■ **Information supplied**:
|---|

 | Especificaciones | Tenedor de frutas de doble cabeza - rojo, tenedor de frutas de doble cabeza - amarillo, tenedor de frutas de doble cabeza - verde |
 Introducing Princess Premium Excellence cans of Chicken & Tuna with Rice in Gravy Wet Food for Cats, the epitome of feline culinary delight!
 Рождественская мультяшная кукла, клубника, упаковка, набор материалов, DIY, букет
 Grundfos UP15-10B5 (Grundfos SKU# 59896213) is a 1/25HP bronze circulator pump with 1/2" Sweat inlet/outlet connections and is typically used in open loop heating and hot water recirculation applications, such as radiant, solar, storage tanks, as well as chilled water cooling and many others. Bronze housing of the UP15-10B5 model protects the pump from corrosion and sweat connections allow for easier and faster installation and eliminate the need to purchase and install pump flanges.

|---|

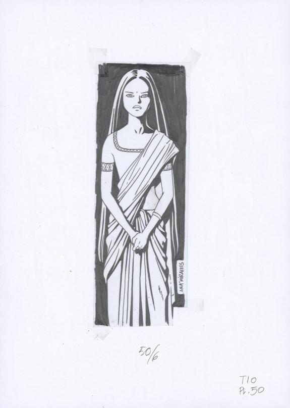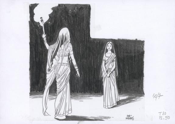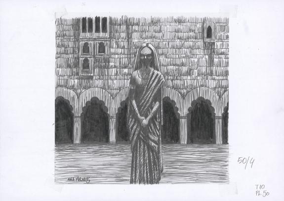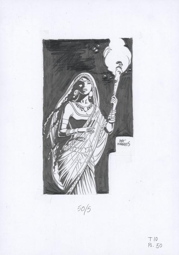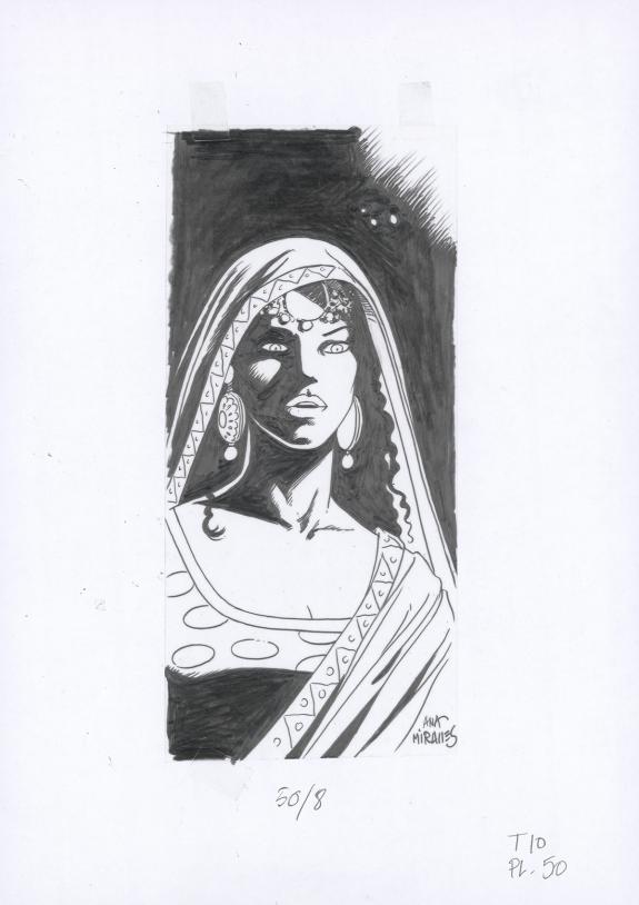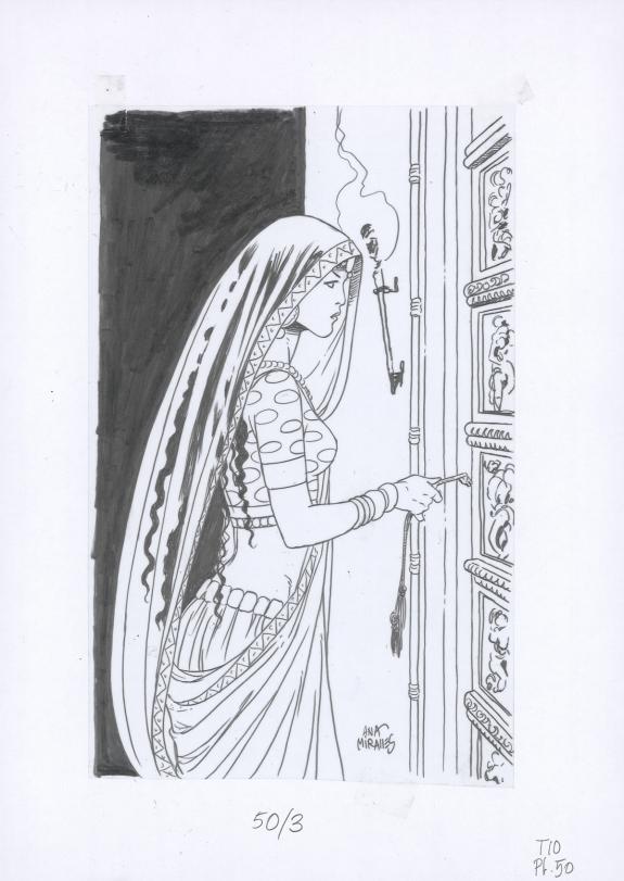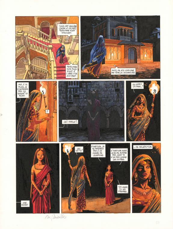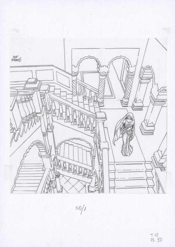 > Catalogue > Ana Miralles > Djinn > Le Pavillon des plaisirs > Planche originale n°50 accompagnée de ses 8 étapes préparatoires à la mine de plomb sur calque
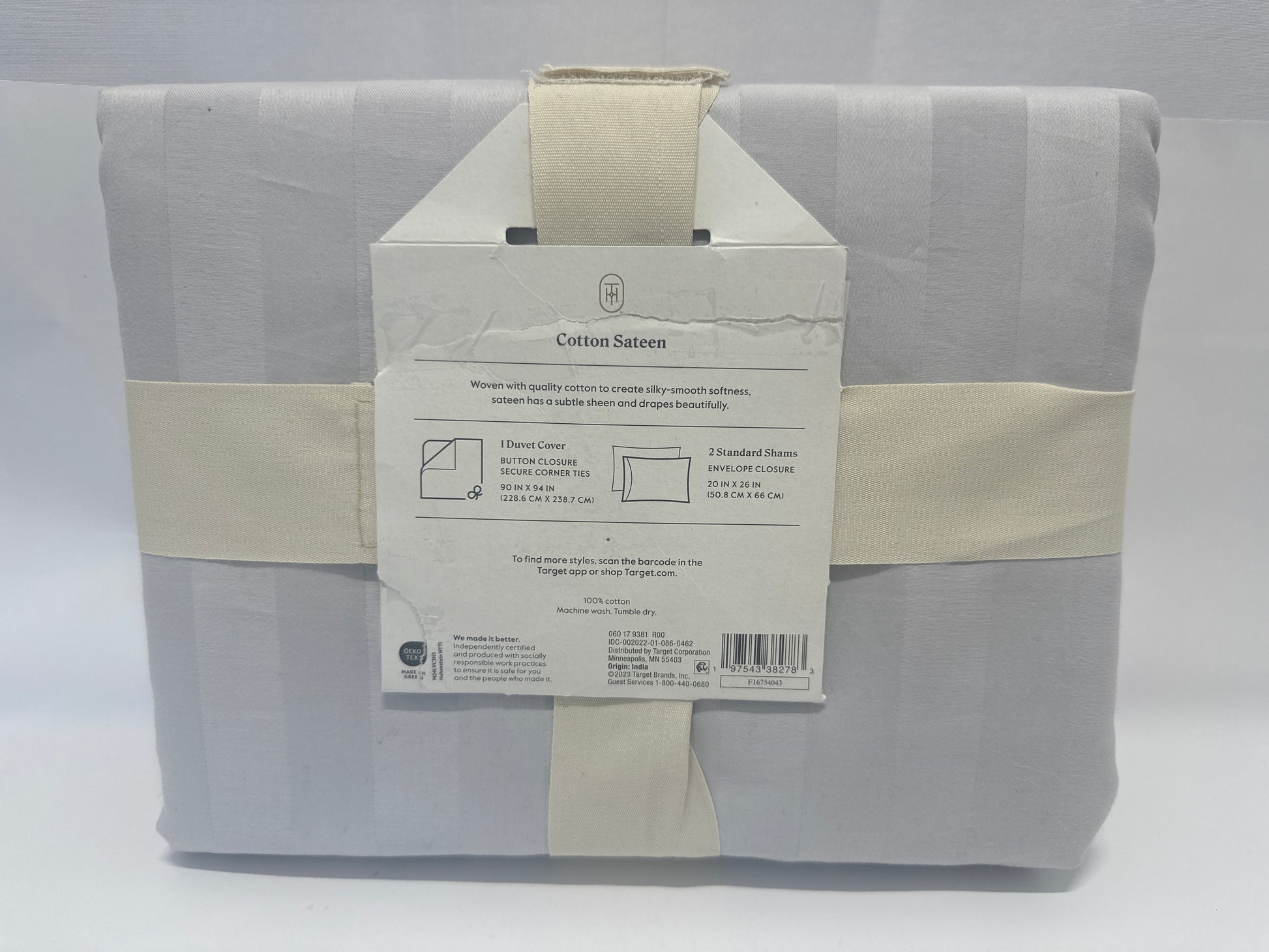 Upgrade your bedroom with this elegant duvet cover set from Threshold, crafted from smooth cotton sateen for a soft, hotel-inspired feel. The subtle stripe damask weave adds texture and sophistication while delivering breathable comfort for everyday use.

|---|

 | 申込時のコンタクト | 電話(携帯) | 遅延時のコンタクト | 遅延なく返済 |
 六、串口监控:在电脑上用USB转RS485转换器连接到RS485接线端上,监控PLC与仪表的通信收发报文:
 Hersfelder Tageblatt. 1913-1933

|---|

■ **What you will do**: In the entries above, find the line with "plomb sur calque" and the line with "Upgrade your bedroom". Write out exactly those two lines and every line between them, pictures excluded.

■ **Answer space**:
 > Catalogue > Ana Miralles > Djinn > Le Pavillon des plaisirs > Planche originale n°50 accompagnée de ses 8 étapes préparatoires à la mine de plomb sur calque
 Upgrade your bedroom with this elegant duvet cover set from Threshold, crafted from smooth cotton sateen for a soft, hotel-inspired feel. The subtle stripe damask weave adds texture and sophistication while delivering breathable comfort for everyday use.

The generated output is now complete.